The headline numbers
One Agent Team lease:
- £6 per agent per day.
- £180 per agent per month (30-day month).
- £2,190 per agent per year.
No VAT (NordSys AI Services is below the UK VAT threshold). No setup fee. Two weeks free, cancel any time.
What an hour of UK admin costs
UK National Living Wage in 2026 is £12.21 per hour (age 21+). Add 13.8% employer National Insurance plus 3% pension and the real cost-to-employ for a minimum-wage admin hour is roughly £14.30 an hour. Higher if you’re paying anything above minimum — a junior PA on £14 an hour costs you closer to £16.40 fully loaded.
So £180 a month is the cost of:
- About 12.5 hours of minimum-wage admin (fully loaded).
- Or 11 hours of a junior PA on £14/hr.
- Or roughly 30 minutes a day, every day for a month.

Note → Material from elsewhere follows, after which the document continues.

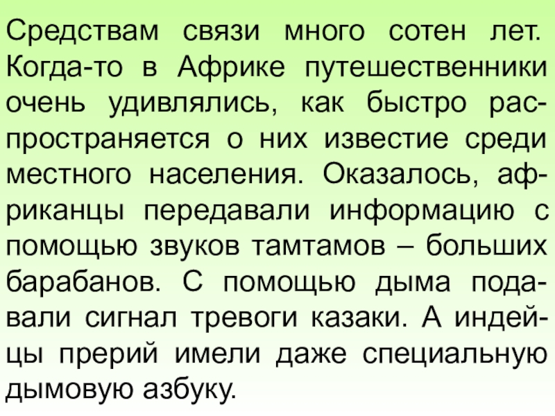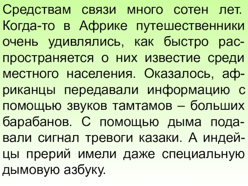 Слайд 24Средствам связи много сотен лет. Когда-то в Африке путешественники очень удивлялись,

Spend 30 minutes a day saving yourself admin and the agent has paid for itself before lunchtime on day one.
The honest other side: where the agent isn’t cheaper
Three cases where “just hire someone” is the right answer:
- You’re already at full admin capacity with a one-day-a-week bookkeeper, and that’s enough. If you’re paying £120 a month for someone who handles everything, you don’t need an agent. The agent is for when the workload has grown past what your current arrangement comfortably covers.
- The role you’d hire is high-trust, high-judgement. An agent will not replace your financial controller, your operations director, or the person you’d trust to take a hard call with a customer on your behalf. The lease replaces the second hire, not the lead.
- You like training people. If part of why you run a business is mentoring junior staff into bigger roles, that’s a human-only thing. An agent does the work; it doesn’t grow into a senior PA.
The cumulative shape
Where the maths gets interesting is when you stack agents. The home page covers this in passing; here are the actual figures.
| Agents leased | Per month | Per year | Cheapest staff-equivalent |
|---|---|---|---|
| 1 | £180 | £2,190 | ~12 hours/month of admin |
| 2 | £360 | £4,380 | ~25 hours/month, or a day a week of a junior |
| 3 | £540 | £6,570 | ~37 hours/month |
| 4 | £720 | £8,760 | ~50 hours/month, or three days a week of a junior |
| 5 | £900 | £10,950 | ~63 hours/month, or a part-time admin role |
For owner-operators with five agents in flight, you’re running roughly a part-time admin role on seven-day cover, with no holiday absences and no learning curve, for £900 a month. The closest direct replacement — a part-time admin on say £16,000 a year — would cost you about £1,540 a month fully loaded.
What “an hour saved” really looks like
Owner-operators tend to under-count the admin they do because most of it is fragmented — 5 minutes here, 10 minutes there, scattered across the day. The honest count is usually 1–2 hours.
A typical week from our trial customers:
- Inbox triage & replies: 4–7 hours saved.
- Payment chasing & reconciliation: 2–4 hours saved.
- Booking coordination & reminders: 2–3 hours saved.
- Content drafting: 2–5 hours saved.
One agent on the right job tends to save 5–10 hours a week. At a self-employed owner’s notional hourly rate (often £30–£60 once you account for what your time on real work would earn), one agent saves £800–£2,400 of effective time a month. The lease is £180.
The one-line answer.
£6 a day per agent is the cost of about 30 minutes of UK minimum-wage admin. If the agent saves you more than that — it usually saves an hour to two — you’re ahead from day one. No VAT, no setup, two weeks free, cancel any time.
Try the maths in your own week
Write down the slow admin you did in the last seven days. Add up the time. If it’s more than three hours a week, one agent will pay for itself in week one. If it’s more than seven hours a week, you’re probably ready for two.